Saved data entries:
....
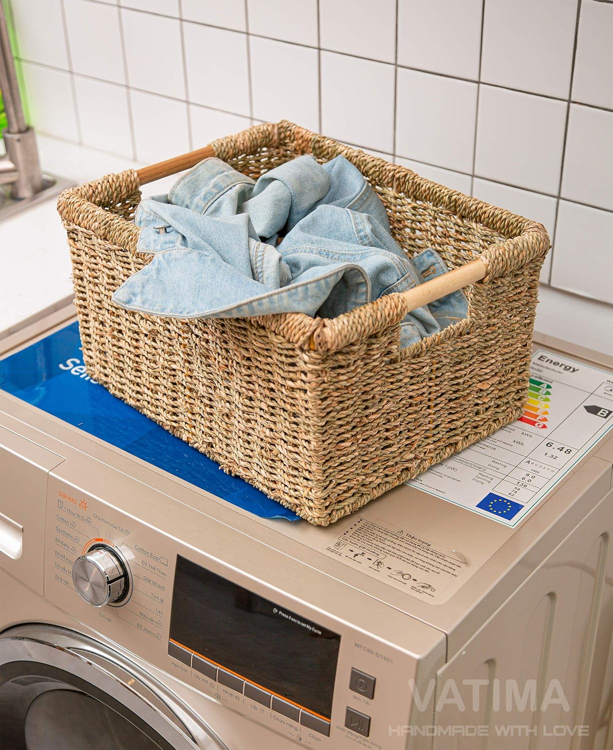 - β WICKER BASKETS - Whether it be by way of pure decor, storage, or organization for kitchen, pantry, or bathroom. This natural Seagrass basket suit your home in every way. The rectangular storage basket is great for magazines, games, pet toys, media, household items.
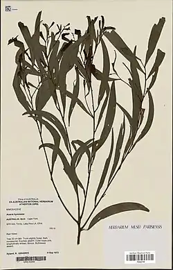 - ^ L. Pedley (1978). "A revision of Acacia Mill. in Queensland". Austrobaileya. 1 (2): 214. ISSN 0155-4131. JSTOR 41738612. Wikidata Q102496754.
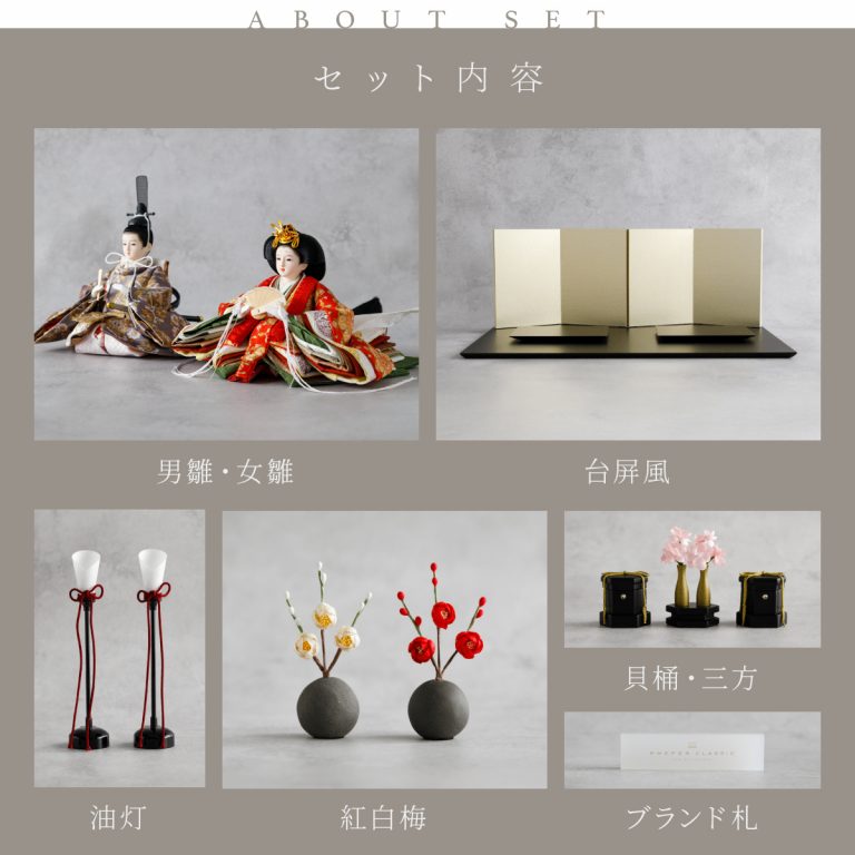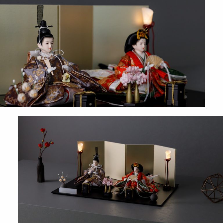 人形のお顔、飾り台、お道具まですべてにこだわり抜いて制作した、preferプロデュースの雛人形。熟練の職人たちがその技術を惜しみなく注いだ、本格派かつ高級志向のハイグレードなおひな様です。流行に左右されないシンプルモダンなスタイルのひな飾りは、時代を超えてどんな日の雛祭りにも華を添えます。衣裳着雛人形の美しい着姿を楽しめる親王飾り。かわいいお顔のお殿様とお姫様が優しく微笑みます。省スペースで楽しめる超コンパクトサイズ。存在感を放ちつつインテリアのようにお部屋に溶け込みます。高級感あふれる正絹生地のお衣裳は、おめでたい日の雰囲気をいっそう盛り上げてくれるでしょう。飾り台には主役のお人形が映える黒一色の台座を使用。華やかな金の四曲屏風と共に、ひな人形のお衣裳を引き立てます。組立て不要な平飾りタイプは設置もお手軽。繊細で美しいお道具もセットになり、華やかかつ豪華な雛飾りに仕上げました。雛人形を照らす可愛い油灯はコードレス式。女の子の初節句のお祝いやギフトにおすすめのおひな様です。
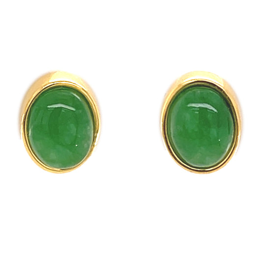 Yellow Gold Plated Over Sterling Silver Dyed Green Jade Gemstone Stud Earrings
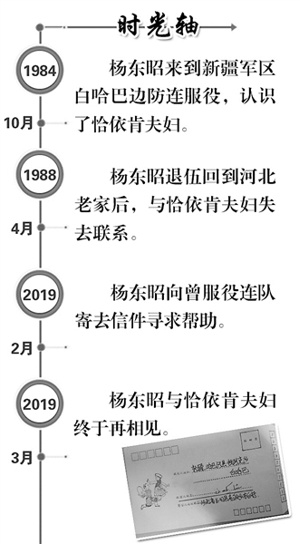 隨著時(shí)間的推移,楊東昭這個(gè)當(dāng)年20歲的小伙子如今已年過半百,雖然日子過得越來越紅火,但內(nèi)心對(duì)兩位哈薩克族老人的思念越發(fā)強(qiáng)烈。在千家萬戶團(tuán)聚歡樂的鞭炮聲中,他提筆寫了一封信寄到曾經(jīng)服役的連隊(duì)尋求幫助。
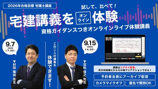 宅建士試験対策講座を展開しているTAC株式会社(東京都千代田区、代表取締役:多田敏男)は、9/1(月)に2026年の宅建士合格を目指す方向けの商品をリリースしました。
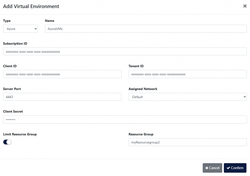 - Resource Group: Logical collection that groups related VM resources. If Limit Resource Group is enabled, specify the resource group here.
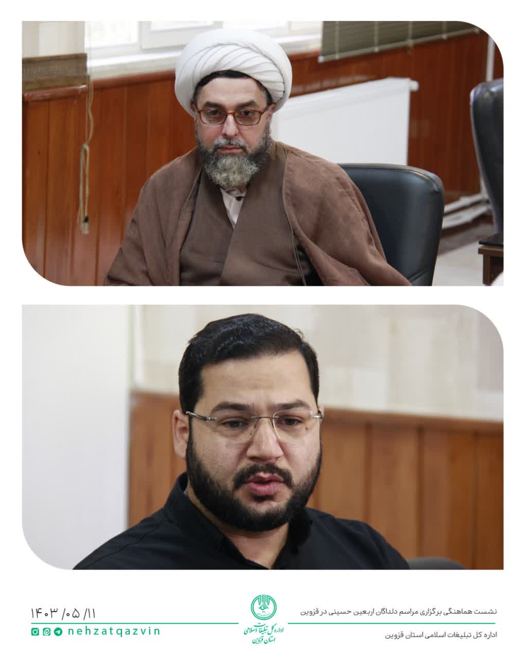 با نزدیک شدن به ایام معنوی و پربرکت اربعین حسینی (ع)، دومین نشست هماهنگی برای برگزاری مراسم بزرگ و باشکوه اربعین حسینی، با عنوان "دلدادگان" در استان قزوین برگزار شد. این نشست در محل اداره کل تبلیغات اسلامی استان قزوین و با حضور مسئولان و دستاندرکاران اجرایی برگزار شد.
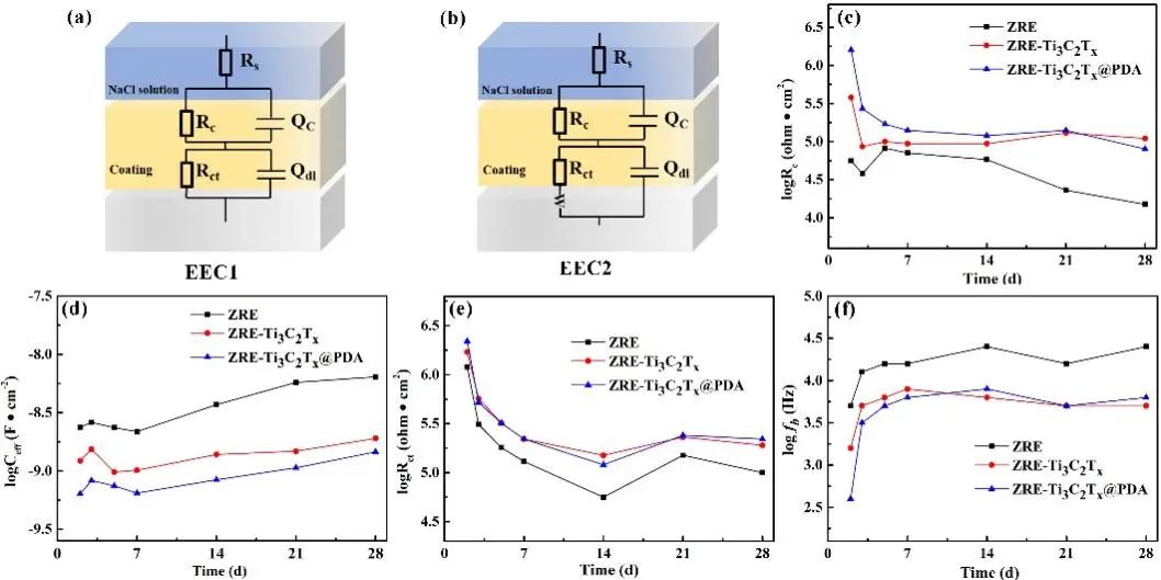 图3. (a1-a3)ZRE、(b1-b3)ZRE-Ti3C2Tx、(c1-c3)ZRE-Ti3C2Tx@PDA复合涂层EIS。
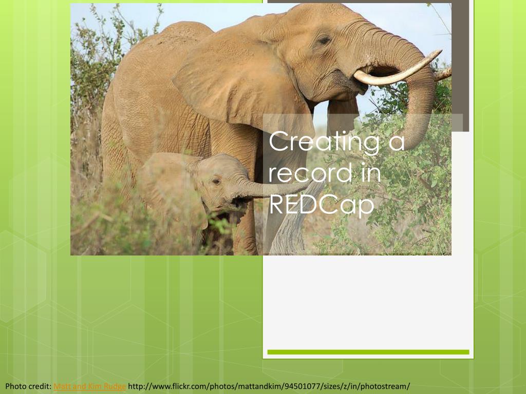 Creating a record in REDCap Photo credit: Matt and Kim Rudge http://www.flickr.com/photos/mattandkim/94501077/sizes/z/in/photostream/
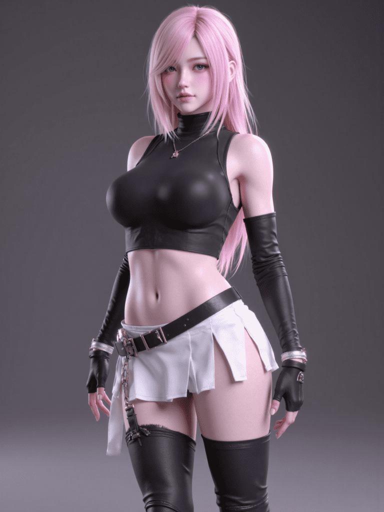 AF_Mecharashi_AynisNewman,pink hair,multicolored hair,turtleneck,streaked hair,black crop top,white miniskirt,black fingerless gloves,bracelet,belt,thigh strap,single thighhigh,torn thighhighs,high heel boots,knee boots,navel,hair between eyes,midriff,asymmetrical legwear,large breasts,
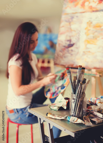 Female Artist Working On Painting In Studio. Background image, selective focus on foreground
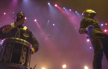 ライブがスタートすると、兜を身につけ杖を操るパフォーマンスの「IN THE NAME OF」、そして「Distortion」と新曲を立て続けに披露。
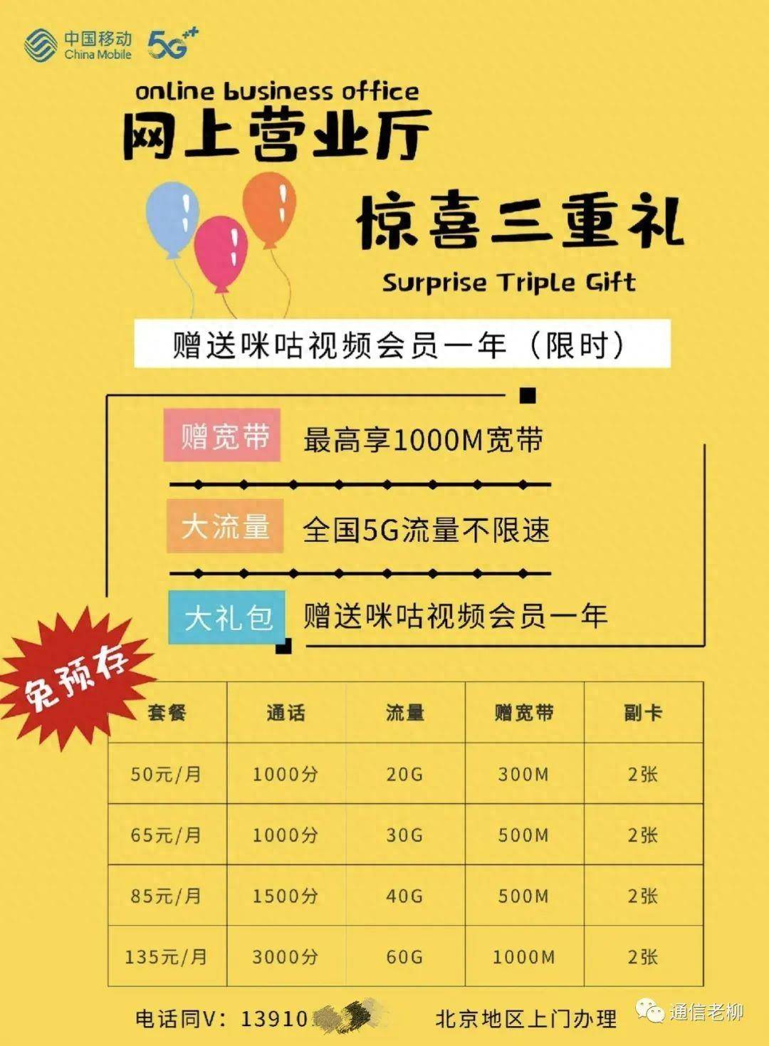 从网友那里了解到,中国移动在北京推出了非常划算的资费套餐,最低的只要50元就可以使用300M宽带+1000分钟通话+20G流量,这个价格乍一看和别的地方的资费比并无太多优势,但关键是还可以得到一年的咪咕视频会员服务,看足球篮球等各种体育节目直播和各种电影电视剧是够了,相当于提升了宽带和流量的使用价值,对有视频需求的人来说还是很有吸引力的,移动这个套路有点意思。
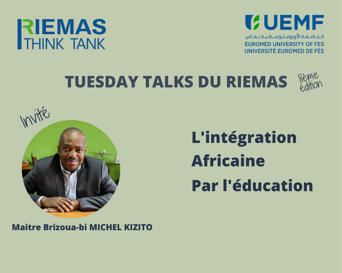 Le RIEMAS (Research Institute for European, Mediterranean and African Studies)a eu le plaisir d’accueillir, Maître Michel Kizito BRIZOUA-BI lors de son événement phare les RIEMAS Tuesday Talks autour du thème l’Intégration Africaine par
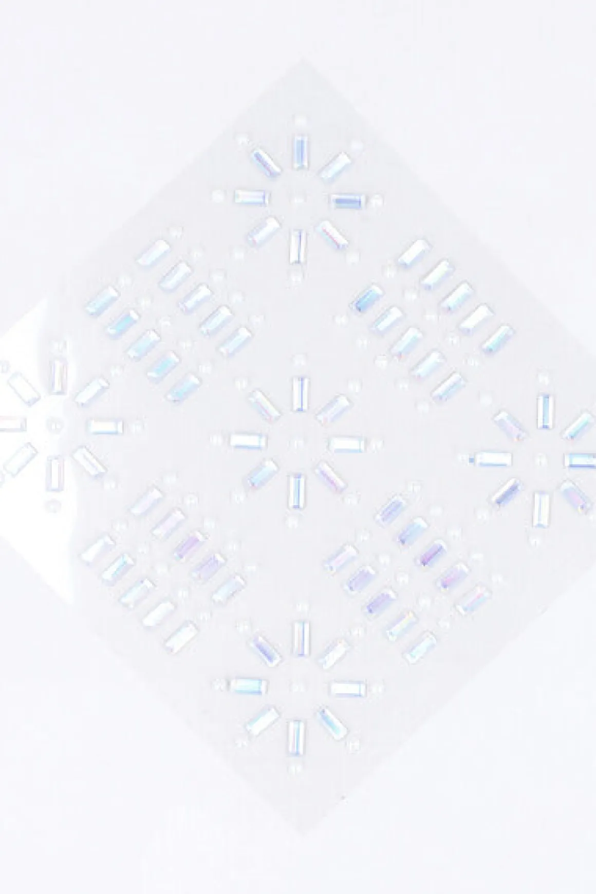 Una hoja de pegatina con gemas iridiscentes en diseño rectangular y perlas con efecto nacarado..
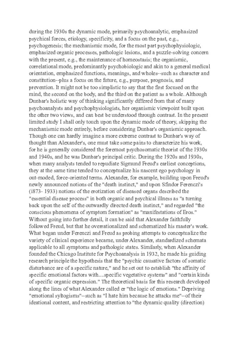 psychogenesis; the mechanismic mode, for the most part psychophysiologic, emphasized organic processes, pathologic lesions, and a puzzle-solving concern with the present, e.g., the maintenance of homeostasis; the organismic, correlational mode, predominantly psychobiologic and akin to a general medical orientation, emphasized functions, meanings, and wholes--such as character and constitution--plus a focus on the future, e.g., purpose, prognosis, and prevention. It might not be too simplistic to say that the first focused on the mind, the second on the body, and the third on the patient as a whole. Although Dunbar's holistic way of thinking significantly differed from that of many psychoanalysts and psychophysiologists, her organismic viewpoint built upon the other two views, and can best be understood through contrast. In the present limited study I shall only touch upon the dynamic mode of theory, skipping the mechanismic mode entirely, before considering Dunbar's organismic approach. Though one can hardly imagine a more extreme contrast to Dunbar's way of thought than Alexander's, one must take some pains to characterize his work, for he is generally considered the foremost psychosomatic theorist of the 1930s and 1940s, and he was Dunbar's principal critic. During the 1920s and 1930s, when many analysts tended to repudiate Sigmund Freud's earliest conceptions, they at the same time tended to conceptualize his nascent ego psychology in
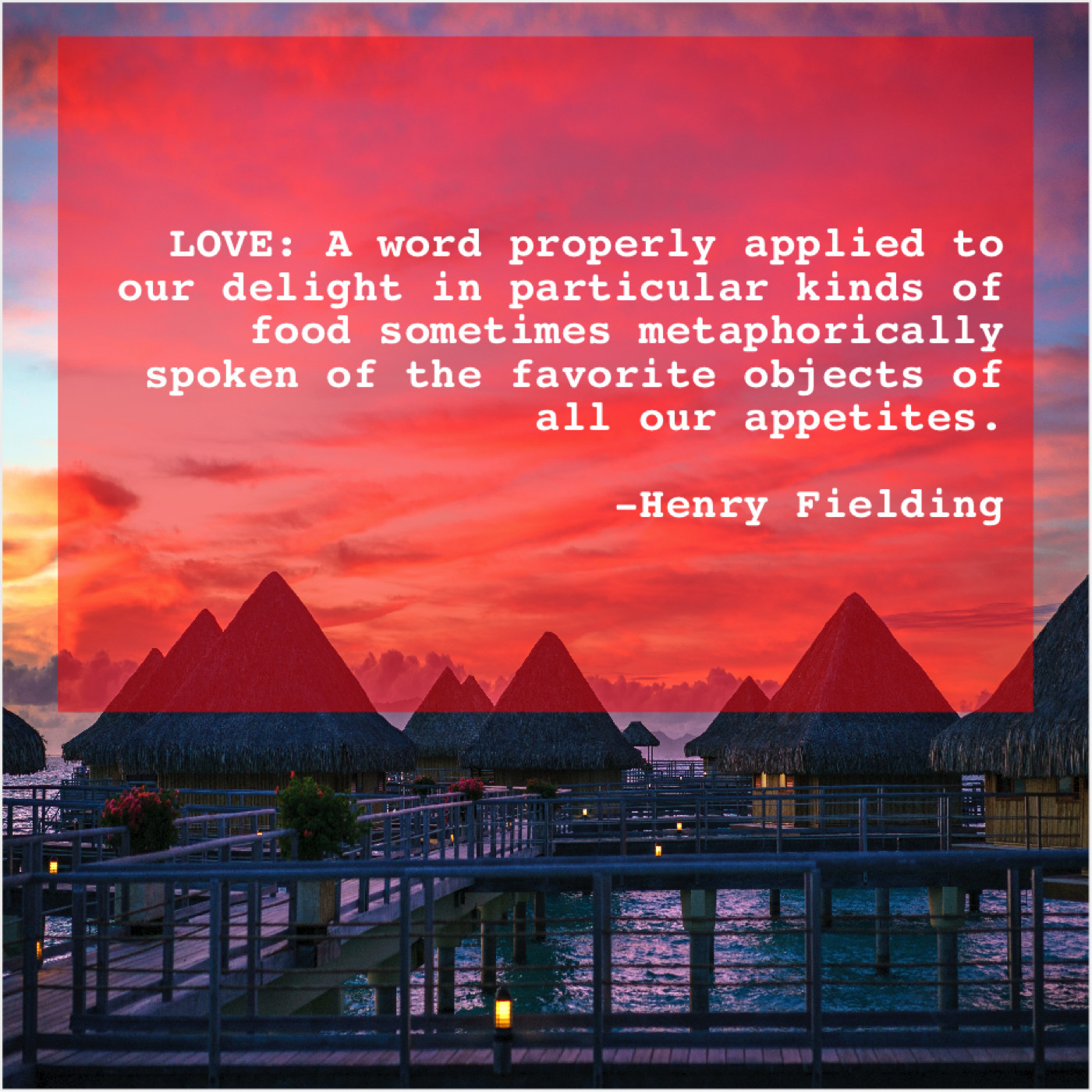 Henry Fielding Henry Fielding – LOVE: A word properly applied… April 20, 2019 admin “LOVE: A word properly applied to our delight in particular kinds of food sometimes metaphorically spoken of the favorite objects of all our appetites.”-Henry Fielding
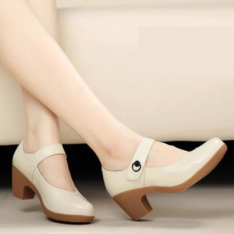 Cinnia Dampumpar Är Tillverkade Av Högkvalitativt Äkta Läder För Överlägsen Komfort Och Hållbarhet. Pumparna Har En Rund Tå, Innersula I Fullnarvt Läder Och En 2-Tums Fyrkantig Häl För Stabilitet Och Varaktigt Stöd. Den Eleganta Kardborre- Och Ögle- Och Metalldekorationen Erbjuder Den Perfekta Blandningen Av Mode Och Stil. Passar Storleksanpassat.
....
» **The task**
Exactly the lines above, from the one containing "Yellow Gold Plated" down to the one containing "- Resource Group: Logical", are to be repeated, including both ends. Pictures are not part of the copy.

» **Solution**
 Yellow Gold Plated Over Sterling Silver Dyed Green Jade Gemstone Stud Earrings
 隨著時(shí)間的推移,楊東昭這個(gè)當(dāng)年20歲的小伙子如今已年過半百,雖然日子過得越來越紅火,但內(nèi)心對(duì)兩位哈薩克族老人的思念越發(fā)強(qiáng)烈。在千家萬戶團(tuán)聚歡樂的鞭炮聲中,他提筆寫了一封信寄到曾經(jīng)服役的連隊(duì)尋求幫助。
 宅建士試験対策講座を展開しているTAC株式会社(東京都千代田区、代表取締役:多田敏男)は、9/1(月)に2026年の宅建士合格を目指す方向けの商品をリリースしました。
 - Resource Group: Logical collection that groups related VM resources. If Limit Resource Group is enabled, specify the resource group here.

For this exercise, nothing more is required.